Here we have each value of CO2 plotted against the temperature deviation from reference values -- with the temperature being for 1000 years before the corresponding CO2 value. The correlation for this is about 0.89 (R), meaning that you could explain 79 percent (0.89*0.89) of the variation (R^2) in CO2 by looking at the temperature. As is mentioned in my post Does CO2 correlate with temperatures, where we saw equally high correlation between temperature and CO2 (even higher if you give CO2 a 20-30 year lead on temperature), and quite a few times in the comments, correlation is not causation. Could be that both temperature and CO2 are pushed around by something else. More about that in a moment.

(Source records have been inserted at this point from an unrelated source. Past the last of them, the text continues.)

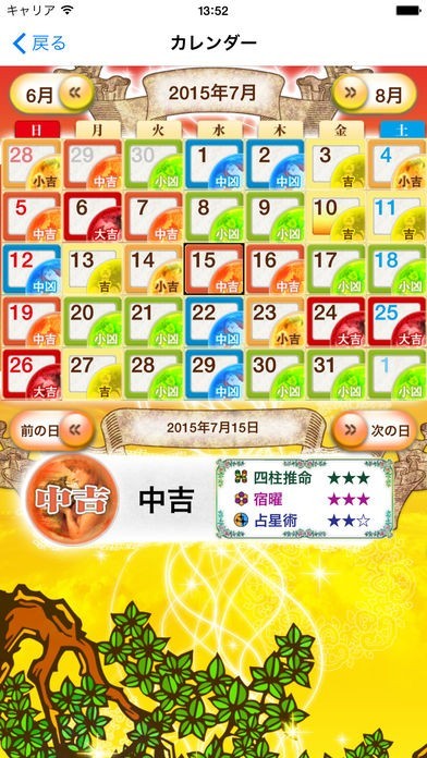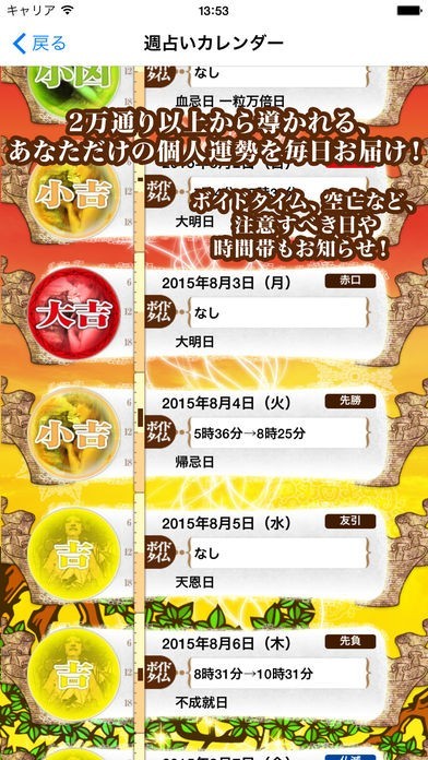 スマホのスケジュールと瞬時に同期するので、『大事な会議の日の運勢』や『誕生日の運勢』などピンポイントで占うことができ、逆に運勢のいい日にスケジュールを入れることもできます。
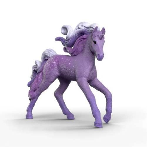 Playful and curious, the Galaxy Rainbow Unicorn Foal explores the magical world of BAYALA®. With light purple fur and a mane and tail that are particularly lush, a whole starry sky glitters on his flank. The foal loves to frolic among shining galaxies and sparkling rainbows while being looked after by its family.
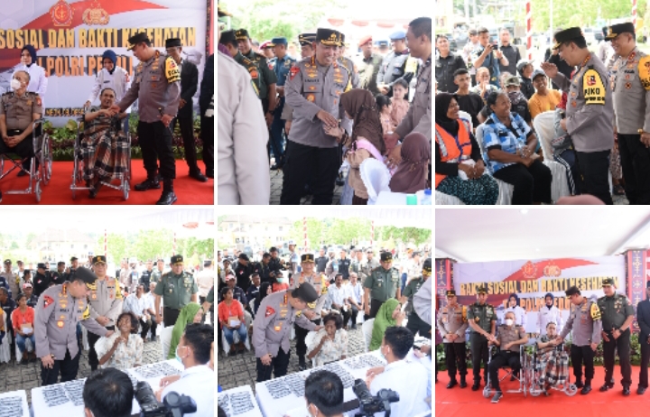 infoindonesiainews.com | MALUKU = Kapolri Jenderal Polisi Drs. Listyo Sigit Prabowo dan Panglima TNI Jenderal Agus Subiyanto memberikan bantuan kesehatan serta bantuan sosial kepada masyarakat di Maluku. Bantuan tersebut diberikan dalam rangka mendekatkan diri dengan masyarakat dan mengajak terwujudnya Pemilu 2024 aman dan damai.
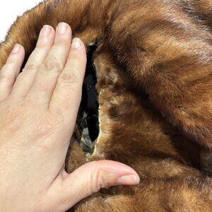CONDITION/NOTICE OF FLAWS: Needs repair to the hide where the collar meets the back piece. The lining must be re-attached to the hide at the upper part of the torso and sleeve openings. Buyer will need to take the coat to a furrier to have it properly repaired and conditioned.
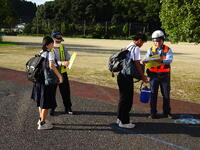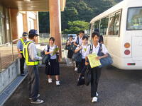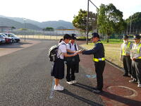 朝の登校にあわせて、牛深警察署・牛深地区防犯協会から自転車盗難被害に関する啓発のチラシと自転車用のダイヤルロック等の配付があり、﨑津駐在所と少年補導員の方々の協力のもと「備え付けの鍵とダイヤルロック等の2重ロック」について啓発活動が行われました。地域の防犯力向上に、中学生としてもできることから取り組んで欲しいと思います。
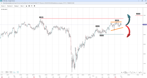 Technicals suggest that the FTSE 100 is about to complete a V-shaped recovery, trading near its record high of 8915 at 8830. If the short-term consolidation ends (suggesting an ascending triangle) and Footsie moves past the peak, it would initially open the door to the 9000 handle. However, if prices drop below the short-term support level of 8690, bears may take control, pushing the index towards 8500 and potentially shifting the overall sentiment.
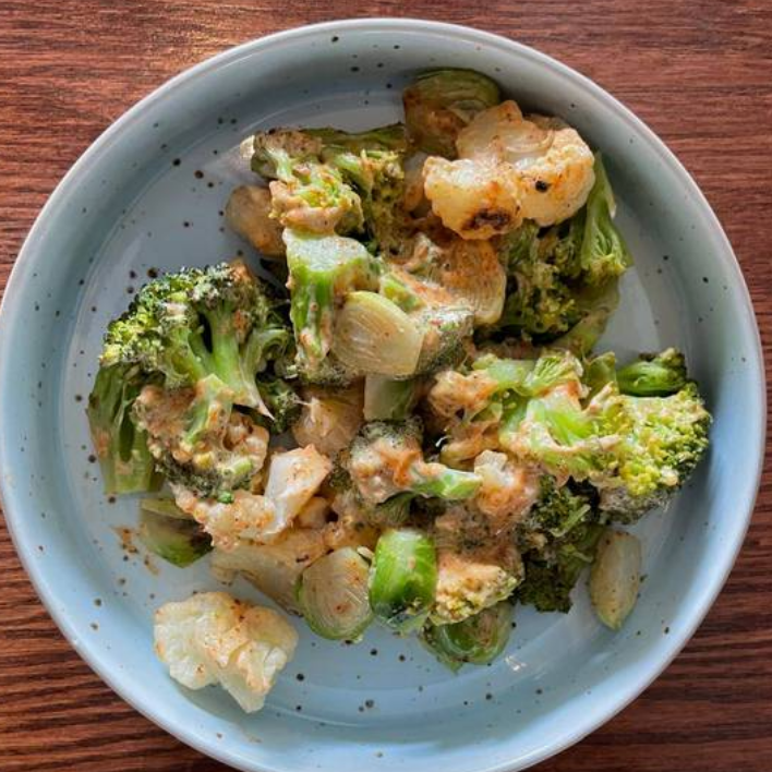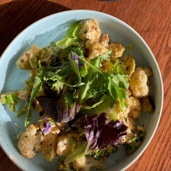 Coles de bruselas, brócoli y coliflor, acompañados con aderezo limonette.
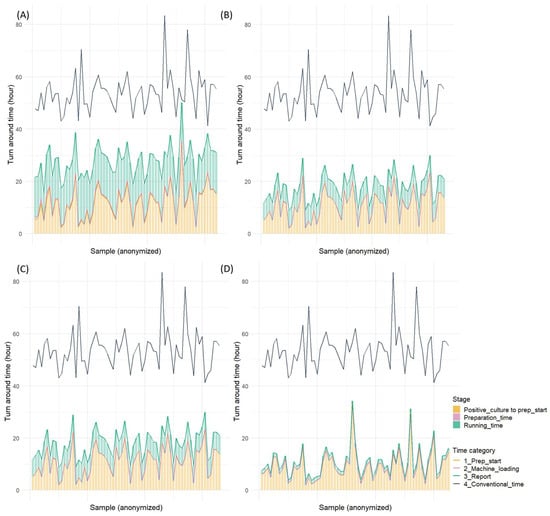Turnaround time for four rapid antimicrobial susceptibility tests (Gram-negative bacilli): (A) direct AST using BD Phoenix M50 system, (B) QuantaMatrix dRAST 1.5.1 version, (C) QuantaMatrix dRAST 1.6.1 version, and (D) Filmarray BCID2 panel.

It's common to see the claim that temperature 'leads' CO2. Loosely speaking, this means that temperatures generally change before CO2 does, and that there is a consistent pattern to the connection -- if temperature rises, CO2 does as well. This is true; it leads by about 800 years [Caillon and others, 2003]. The amount of lead also seems to depend on whether you're in a glacial period or (as we are now) an interglacial. The correlation between temperature and CO2 is lower (by a very small amount) if you take their values for the same time (drops to 0.88). And it drops by more if we take the temperatures for 2000 years before the CO2 value, to 0.87, indicating from this very simple approach that the lead is between 0 and 1000 years, probably closer to 1000 -- as is found from the more serious approach in the reference.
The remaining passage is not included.